University of Rochester

Parkinson’s disease is highly heterogeneous; there are numerous causes and risk factors (many still unknown), differences in which symptoms manifest and how, varying responses to medication, a large range in age of onset, and more. For this reason, Parkinson’s is sometimes referred to as “Parkinson’s diseases”, and the umbrella term for symptoms or conditions that look like Parkinson’s is known as Parkinsonism or Parkinsonian disorders.

As Marnie notes, “How do you study a disease that takes decades to reveal itself?” In a recent Massive Science article, I described the “prodromal” Parkinson’s, the years or decades before the Parkinson’s diagnosis, and how some drug development efforts aim to target that period in hopes of slowing or preventing disease processes. Some researchers also seek to understand specific Parkinsonian disorders or Parkinson’s disease subtypes based on microbiome, etiology, or other factors of interest. To do this well, scientists need solid cellular and animal models that recapitulate the disease. It is quite promising to see the mouse model described in Marnie’s article check so many of the boxes for what we would see in humans, and I’m looking forward to seeing future research with these mice.

Marnie Willman responds:

I agree with you completely. It’s exciting to see there is some progress in mouse models and potential expansion to animal models in general for Parkinson’s Disease. There certainly are few currently. I hope this relatively new paper is the start of a trend toward more feasible options for animal models for neuronal degradation such as Parkinson’s and other viral encephalitis cases.

Monica Javidnia responds:

 I figured that was the case :) Great article! 

Sahana Sitaraman

Neuroscience and Behavior

National Centre for Biological Sciences, India

Great article Marnie.

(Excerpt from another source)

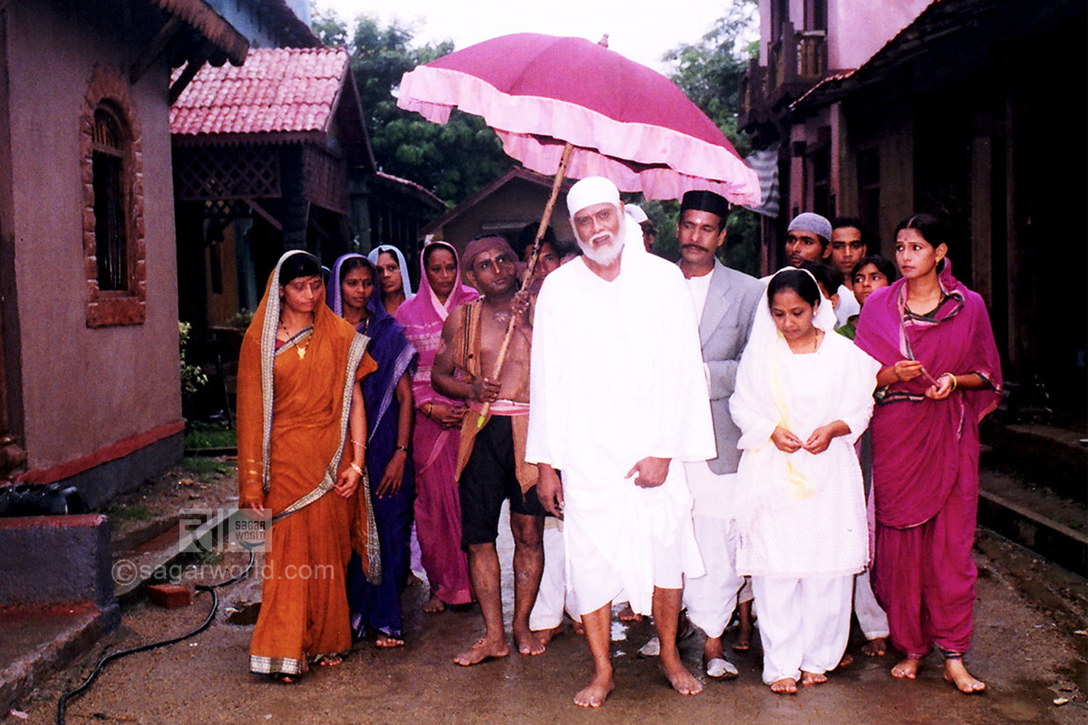 The inspiring life of the saint is recreated by Dr. Sagar with intensity and realism, sensitivity and authenticity, shooting on real locations and on a massive set erected at great cost at Sagar Film City, Baroda, for the purpose. The set represents Shirdi of the period between 1849 and 1918 when Sai Baba drew devotees to him and inspired their faith in him and his belief in the oneness of all religions and faith.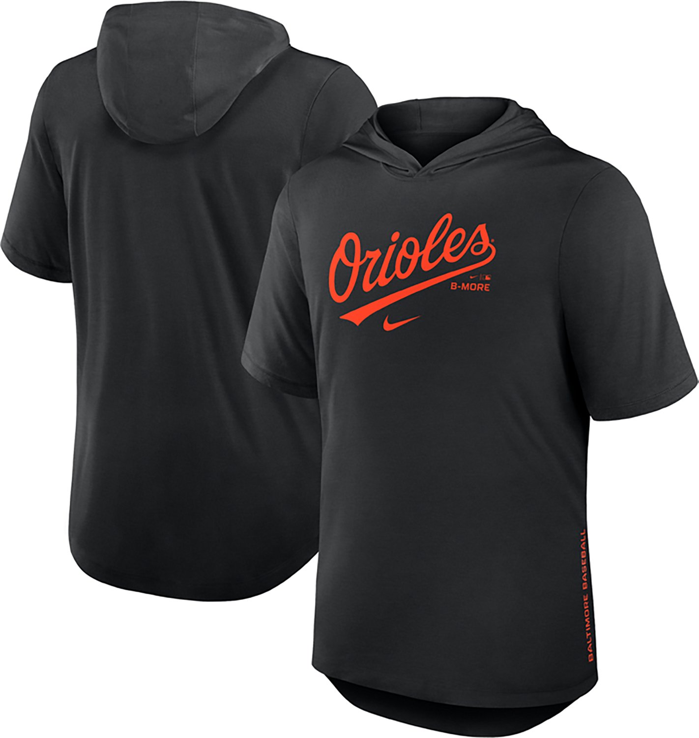 Nike Men's Baltimore Orioles Primetime Arched Wordmark Short Sleeve Hoodie

You’ve done a thorough job explaining the chronology of the biological events from the start of the viral infection to the manifestation of the Parkinsonism. If I understand correctly, the virus can infect any and all neurons, once it crosses the blood brain barrier. What I don’t understand is why are dopaminergic neurons affected preferentially? Do the patients not display symptoms of other neurodegenerative diseases? And if this is the case, it paves way for more directed pharmacological interventions. Let me know what you think.

Marnie Willman responds:

Thank you for commenting Sahana. Researchers think that the primary reason why dopaminergic neurons are more susceptible to damage during Parkisnon’s Disease development is because they seem to be more negatively affected by those alpha-synuclein aggregates I mentioned in the article than other types of neurons and brain cells. These protein build-ups seem to affect the intracellular signaling pathways of these neurons more than others and cause more damage, but researchers still are unclear why this is the case. A great question that I hope we’re getting closer to solving!